RUSTENBURG - The Mining Forum of South Africa (MFSA) said that the Marikana community's discontent over the approval of the Lonmin and Sibanye Stillwater merger poses a risk similar to the 2012 massacre.
"The merging parties have failed to consult with the communities affected by Lonmin’s operations," MFSA president, Blessings Ramoba said.
"Community consultation is very vital as it enables communities directly affected by mining operations to have a meaningful participation in the process," Ramoba said.
Forty-four people were killed in Marikana near Rustenburg, North West, in August 2012 during a violent wildcat strike.
Lonmin workers downed tools demanding a minimum monthly salary of R12,500. They also rejected the majority trade union, National Union of Mineworkers and elected a committee to represent them.
On August 16 2012, thirty-four mineworkers were killed when the police opened fire on them. Ten other people including two policemen and two Lonmin security guards were killed in the week leading up to August 16.
The Competition Tribunal, the regulatory body which provides final approval for large mergers in South Africa, on Wednesday approved the proposed acquisition of Lonmin by Sibanye-Stillwater.
Sibanye offered R5.17 billion for Lonmin in a deal that would create the world's second largest platinum producer.
As recommended by the Competition Commission, the acquisition was approved subject to specific conditions, including mitigating the negative impact of job losses on more than 3,000 employees who were likely to be retrenched.
However, Ramoba said they were not happy with the approval of the merger.
"Marikana is volatile and conditions should be placed for this merger in order to address social and economic issues faced by the communities.

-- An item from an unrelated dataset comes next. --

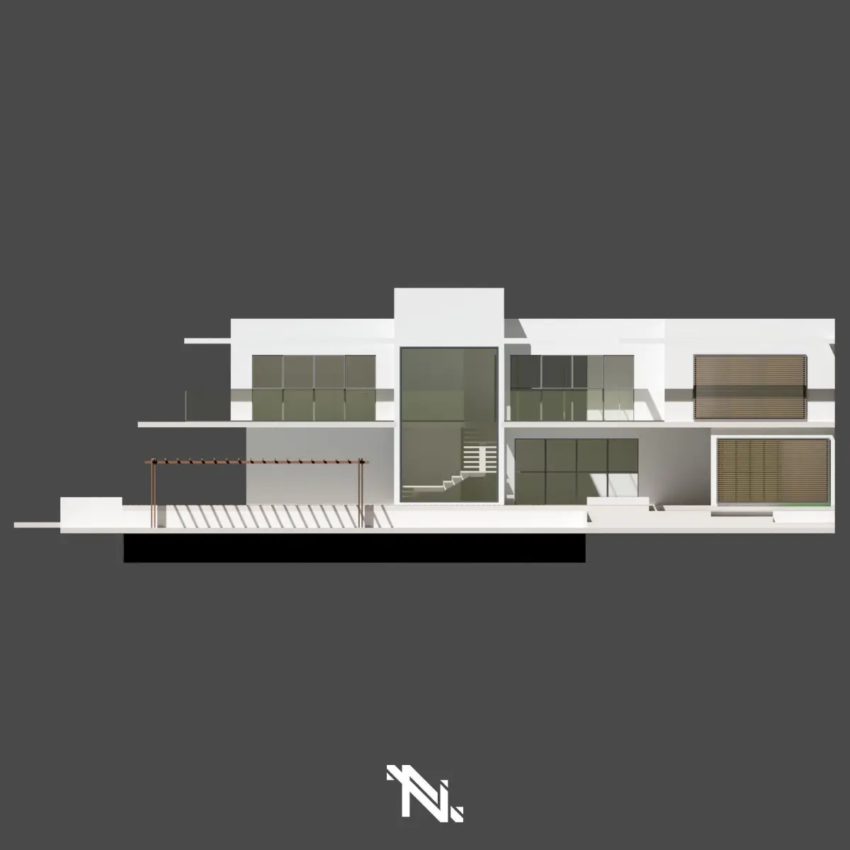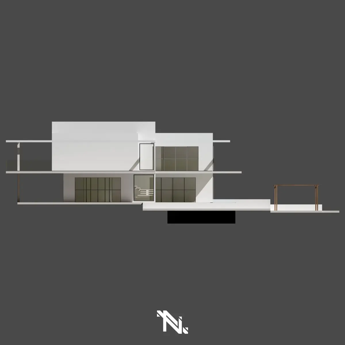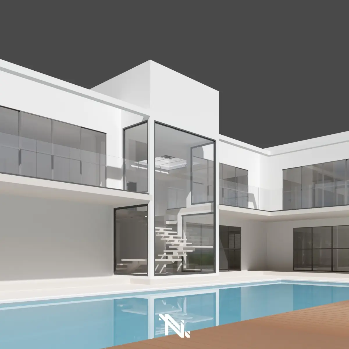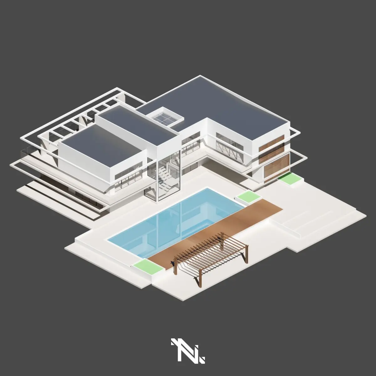 House modeling with modernist architecture, firm lines and solid colors. The white contrasts with the vegetation, giving the building an air of grandeur. Internal modeling included, all environments (bedrooms, living room, kitchen, ...) are present.

"Our main concern is that the 2012 incident is going to happen again as strict conditions to ensure compliance with SLPs [social labour plans] are not put in place. People are not going to accept this merger without conditions that speak to and safeguard their social and public interests," Ramoba said.
"We are immediately going to review and appeal the tribunal’s decision and there is no deal that’s going to happen here.
"The tribunal did not address the issues of SLPs, community consultation and participation fully with satisfactory conditions and therefore we are going to immediately review the Tribunal’s decision approving this merger," he saidl
He said they were still awaiting the judgement of the North West High Court after they took the department of mineral resources to court for failure to enforce Lonmin's compliance with SLPs.
"We are prepared even on this matter with the tribunal to go all the way to the highest court in the land, the Constitutional Court, and we attest that there won’t be any deal of this nature in this country," Ramoba said.